→ Task instructions: Read through the records below and copy each line that uses the word "Serpro".

→ Data to process:
___

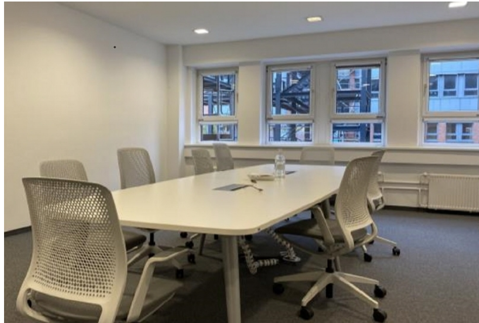
Innenansicht 4 Haus 4, 1 OG
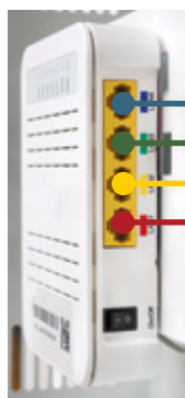
BILD 2 Tjänstefördelare

2 1 Panelplats 1 och 2 i IT-skåpet är kopplat till bredbandsuttag 1 och 2 i vardagsrummet.
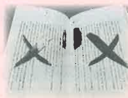
書き込みされた本

水濡れのほかにも、切り抜き・書き込み・ページの角を折られた本など、汚損・破損の状態になって返却されるものもあります。汚損・破損の程度によっては、弁償をお願いすることもあります。
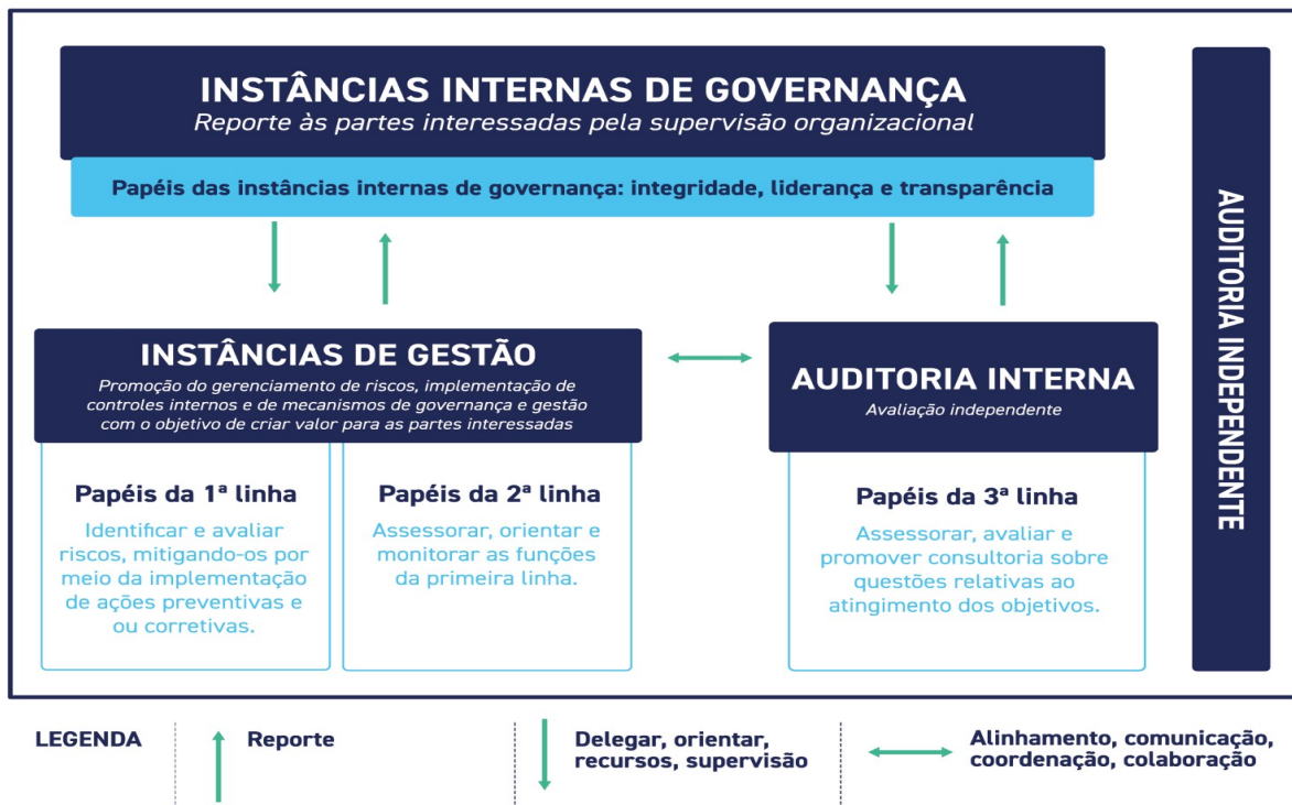
Figura 3 – O modelo das Três Linhas no Serpro

Cada uma das três linhas do Serpro desempenha um importante papel dentro do processo de governança e gestão corporativas a saber:
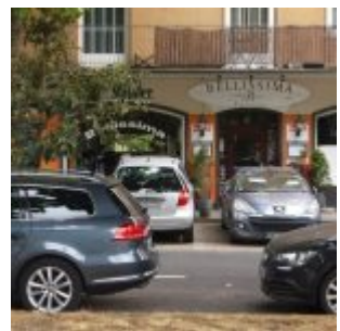
Restaurant Bellissima am Frankenplatz
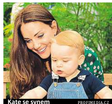
Kate se synem

Po narození britského prince George se toto jméno propadlo v žebříčku popularity.
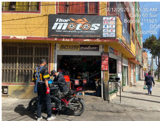
Fotografía aviso en fachada por CR
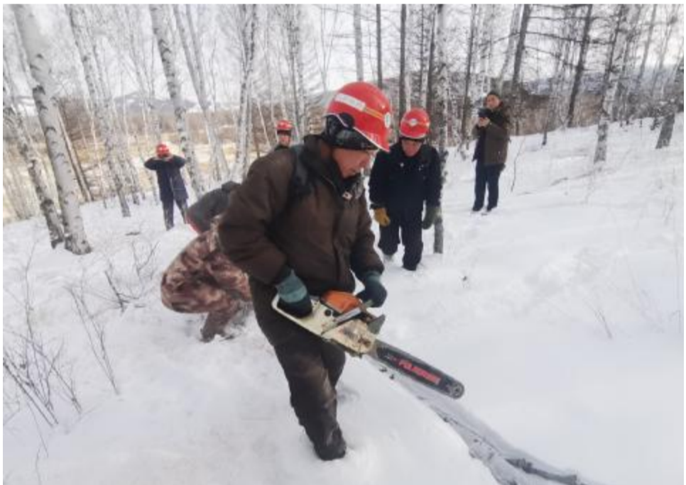
近日,阿尔山森工公司古尔班林场组织人员深入生产一线,检查指导安全生产工作,为森林抚育保驾护航。
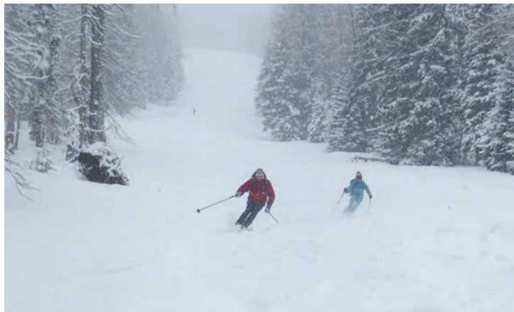
Traumhafte Pulverabfahrt bei Watzmannuglwetter

___

→ Written solution:
Figura 3 – O modelo das Três Linhas no Serpro
Cada uma das três linhas do Serpro desempenha um importante papel dentro do processo de governança e gestão corporativas a saber:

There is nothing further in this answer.